Now, that is worrisome because the larval stage is the most destructive. You want to get rid of these pests as quickly as possible as they feast on your lawn. So, how do you know that your lawn is under attack?

Your lawn steadily discolors when it’s significantly damaged.

Identifying Mosquito Hawk Larvae

Due to the damage caused by crane fly larvae, it’s important to inspect your surroundings for tell-tale signs. To begin with, you’ll need to be able to identify crane flies. This helps you know what to look out for.

As mentioned earlier, crane flies are stout, short worms.

The longest worms will measure about 2 inches. In terms of comparison with other worms, these larvae look like legless caterpillars.

Plus, they have thick grey skin. Before they molt into adults, crane fly larvae must pass through 4 stages. As they feed, these larvae grow in size before they eventually turn adults.

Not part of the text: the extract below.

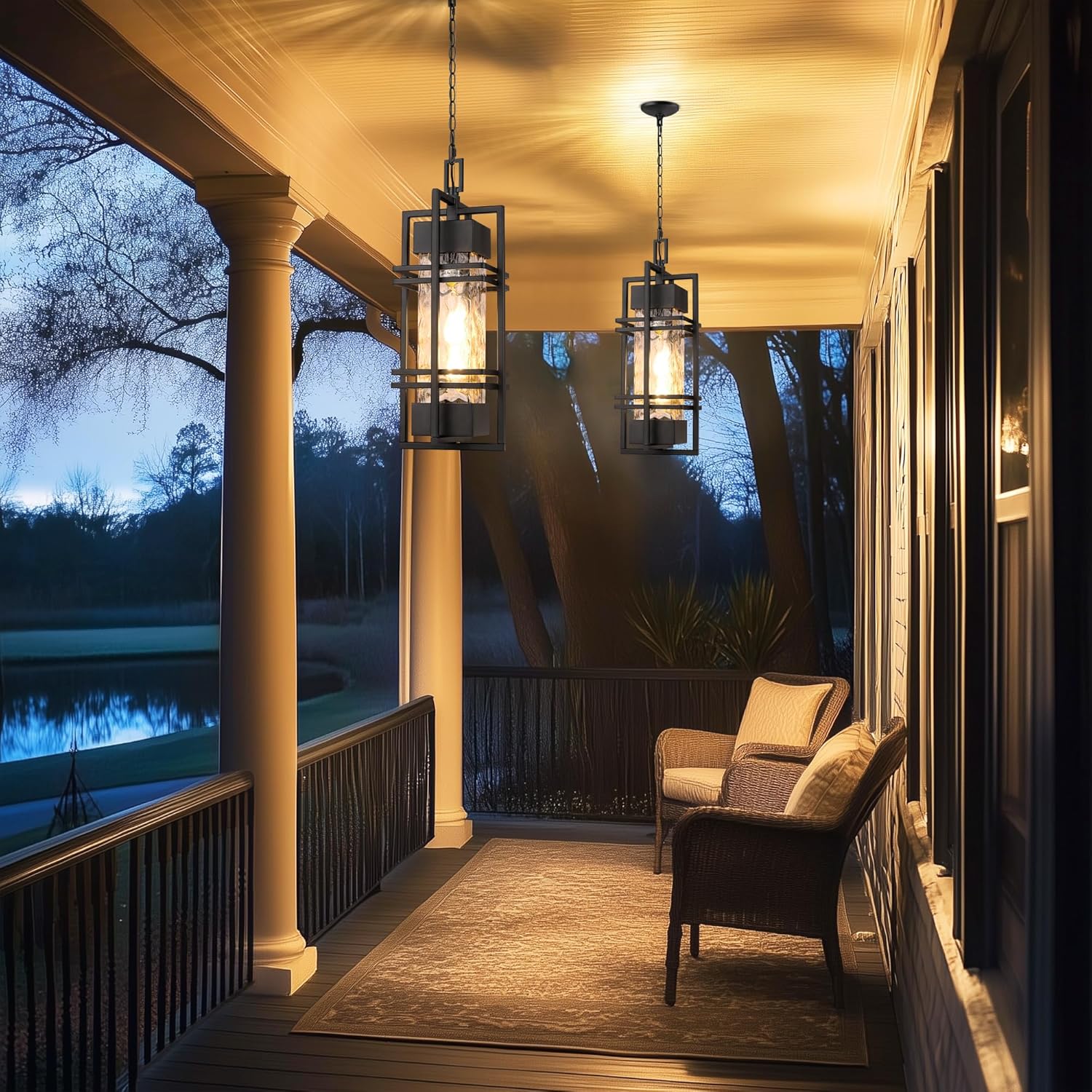 • 💡Corrosion-Resistant & Weatherproof - Made of matte baked enameled metal and thick water-seeded glass, our exterior pendant lights have excellent corrosion resistance and can withstand all kinds of outdoor weather!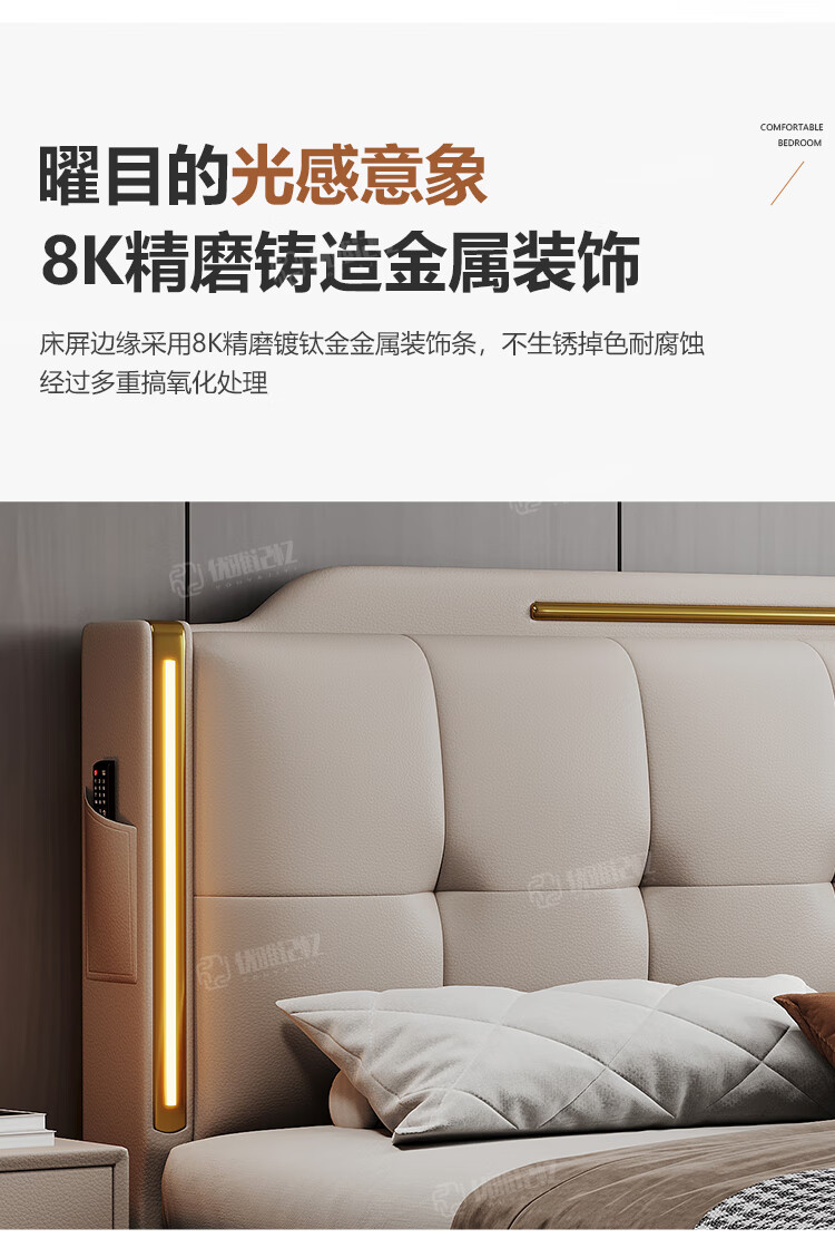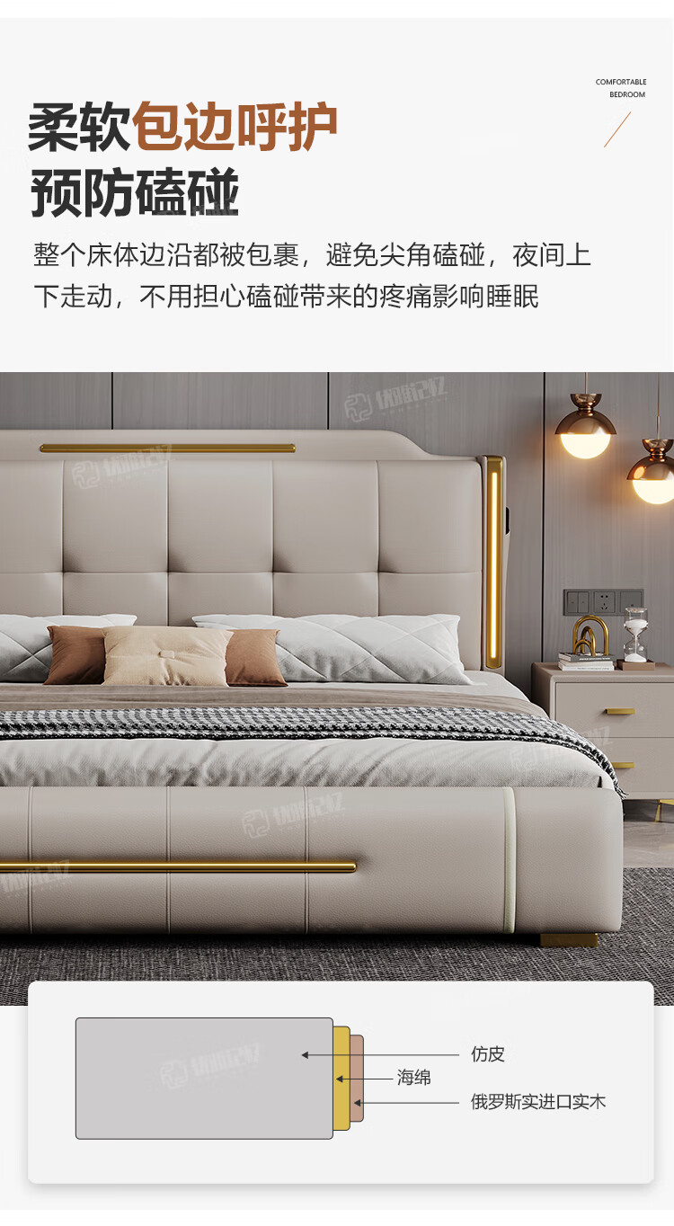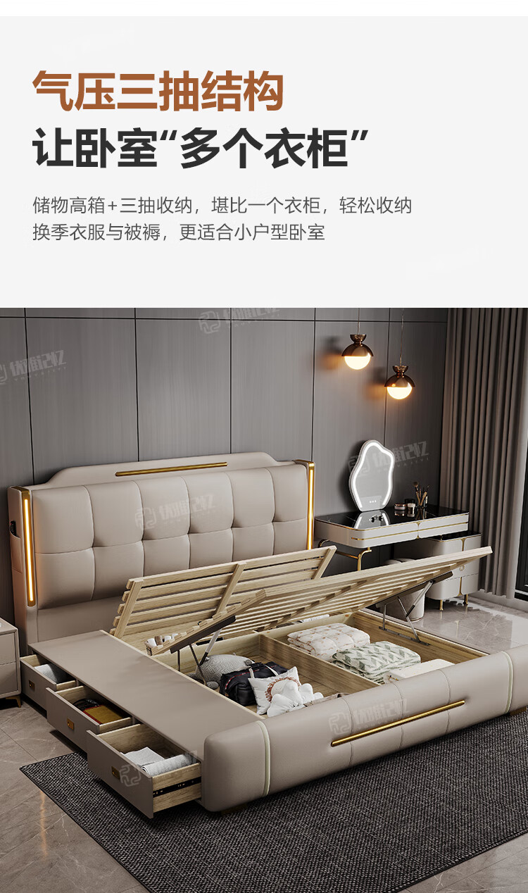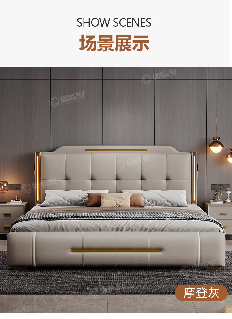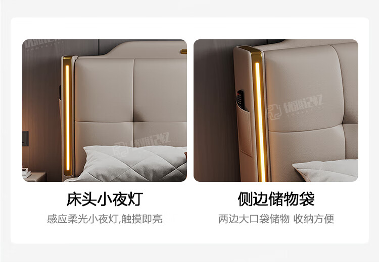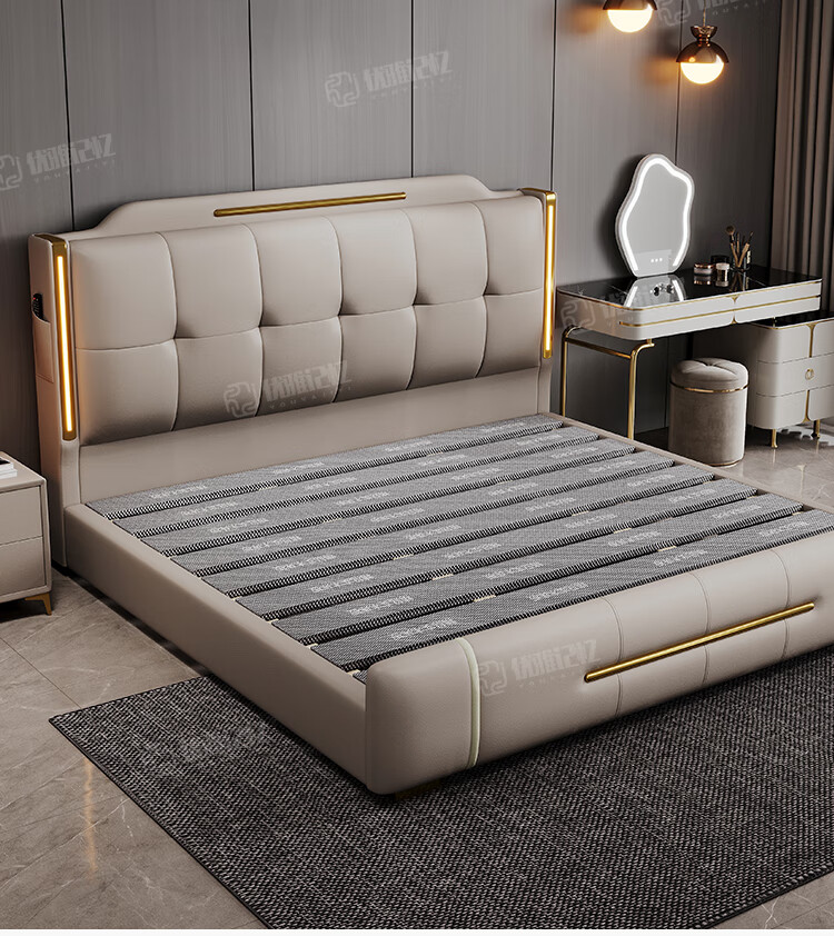 Postscript National Subsidized Bed Double Bed 2m 2.2m Leather Bed Modern Light Luxury Master Bedroom King Bed Storage Marriage Bed Leather Art Bed 1800mm*2000mm Frame Bed Leather Sheet Bed

So what’s the Function of Adult Mosquito Hawks?

Well, you’ll have to look at this from the angle of reproduction. Because crane flies only live for a few days (about 10 to 11 days) after turning adults, they’re well developed to lay eggs to reproduce their kind.

It’s important to state here that adult crane flies won’t prey on any insect but only feed on nectar.

This testifies to the “harmless” nature of fully developed mosquito hawks. Before long, they die off and a new cycle continues.

Do you care enough for your lawns?

Since mosquito hawks won’t kill mosquitoes, how about your lawn? Do you care enough for it? If you do, you’ll need to have your surroundings treated.

Pest control services provide all sorts of solutions. You may also want to consider the introduction of beneficial nematodes to your lawns.

Help May Come from the Most Unlikely Places

At this stage, it’s clear that mosquito hawks cause no problems to mosquitoes, but how about other insects and animals that do feed on mosquitoes?

You can begin by introducing predatory mosquito species, bats, geese, ducks, frogs, turtles, dragonflies, damselflies, aquatic beetles, and turtles just to name a few.

Each of these will help with natural mosquito control.

Mosquito hawks do NOT eat mosquitoes. We’ve provided a wide range of explanations highlighting this fact. However, other insects and animals do as shown above.